(Dataset items)
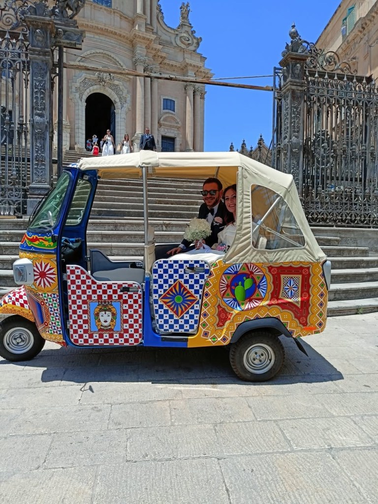 Ma a rendere unico il giorno del “sì” è stato anche un dettaglio fuori dall’ordinario: l’uscita dalla chiesa, il Duomo di San Giorgio, è avvenuto poco dopo su Lapetta, una tipica Ape calessino reinterpretata in chiave elegante, rivestita con decori siciliani, che ha accompagnato gli sposi in un romantico tour tra i vicoli di Ibla e altri luoghi simbolo, tra scorci panoramici e scatti fotografici dal sapore d’altri tempi. Un tocco di folklore e originalità che sta già facendo tendenza, al punto che Lapetta è sempre più richiesta non solo per matrimoni, ma anche per tour personalizzati alla scoperta del Barocco.
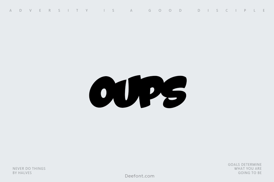 Oups is a playful and whimsical display font that combines cartoon and comic elements to create a charming, lighthearted typography. With its rounded, organic letterforms and bouncy character, this font brings creativity and personality to any design project. Perfect for playful branding, creative posters, invitation designs, and casual digital content, Oups offers a unique blend of contemporary flair and comic charm that stands out on screen and in print.
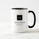 This masculine groomsman coffee mug features a minimalist design, highlighting the groomsman's initials in a modern square motif, complemented by their name and title in sleek, modern black and white typography. For personalisation, input the groomsmen's name, monogrammed initials, and title in the customisation field to create your own unique wedding party mug. Although presented as a groomsman mug, the title is adaptable for the groom, best man, father of the groom, and father of the bride, offering a superb, personalised keepsake for your wedding party.
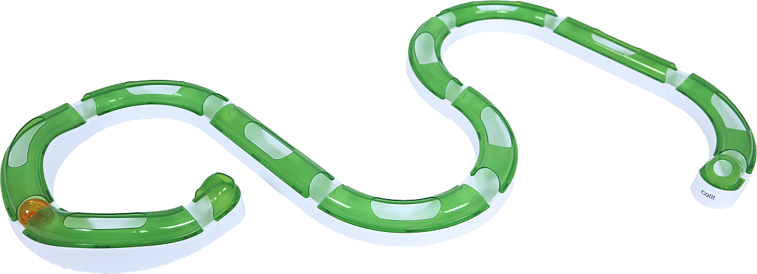 Deze groen/witte baan bestaat uit 10 tunneltjes met openingen (2x recht, 6x bocht en 2x verhoogde bocht), 2 uiteinden en een bal. De bal stimuleert de speelsheid en het jachtinstinct van jouw kat. De tunnels hebben openingen waardoor jouw kat het balletje kan zien. Wanneer jouw kat de bal door de baan duwt, gaat deze sneller door de wisselende hoogtes in het circuit. Het Super Circuit is makkelijk op te bouwen dankzij het zogenaamde klik-systeem en heeft een lengte van ± 250 cm.
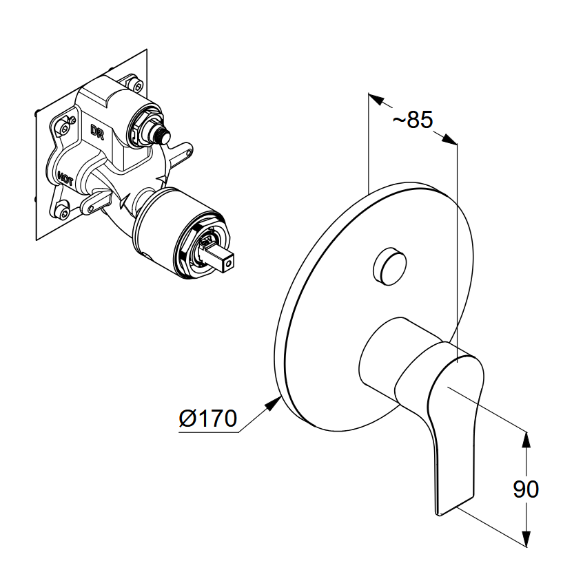 KLUDI-ZENTA falsík alatti kád/zuhanycsap Push
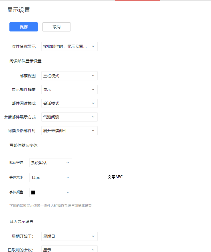 可以对日历功能的显示进行设置。包含 开始星期、是否显示已取消会议和是否显示农历。
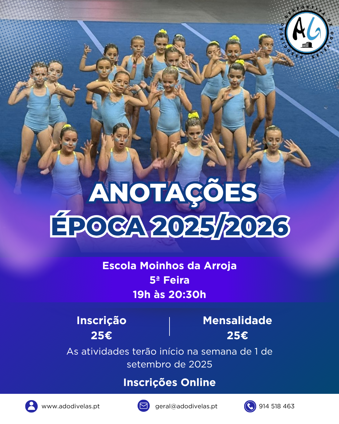 • 5ªf – das 19h às 20h30, Ginásio do Pavilhão Moinhos da Arroja.

_Instructions to follow_
Using the records above, reproduce exactly the lines from the line containing "Deze groen/witte baan" through the last line, with both ends kept and no pictures.

_Completed task_
 Deze groen/witte baan bestaat uit 10 tunneltjes met openingen (2x recht, 6x bocht en 2x verhoogde bocht), 2 uiteinden en een bal. De bal stimuleert de speelsheid en het jachtinstinct van jouw kat. De tunnels hebben openingen waardoor jouw kat het balletje kan zien. Wanneer jouw kat de bal door de baan duwt, gaat deze sneller door de wisselende hoogtes in het circuit. Het Super Circuit is makkelijk op te bouwen dankzij het zogenaamde klik-systeem en heeft een lengte van ± 250 cm.
 KLUDI-ZENTA falsík alatti kád/zuhanycsap Push
 可以对日历功能的显示进行设置。包含 开始星期、是否显示已取消会议和是否显示农历。
 • 5ªf – das 19h às 20h30, Ginásio do Pavilhão Moinhos da Arroja.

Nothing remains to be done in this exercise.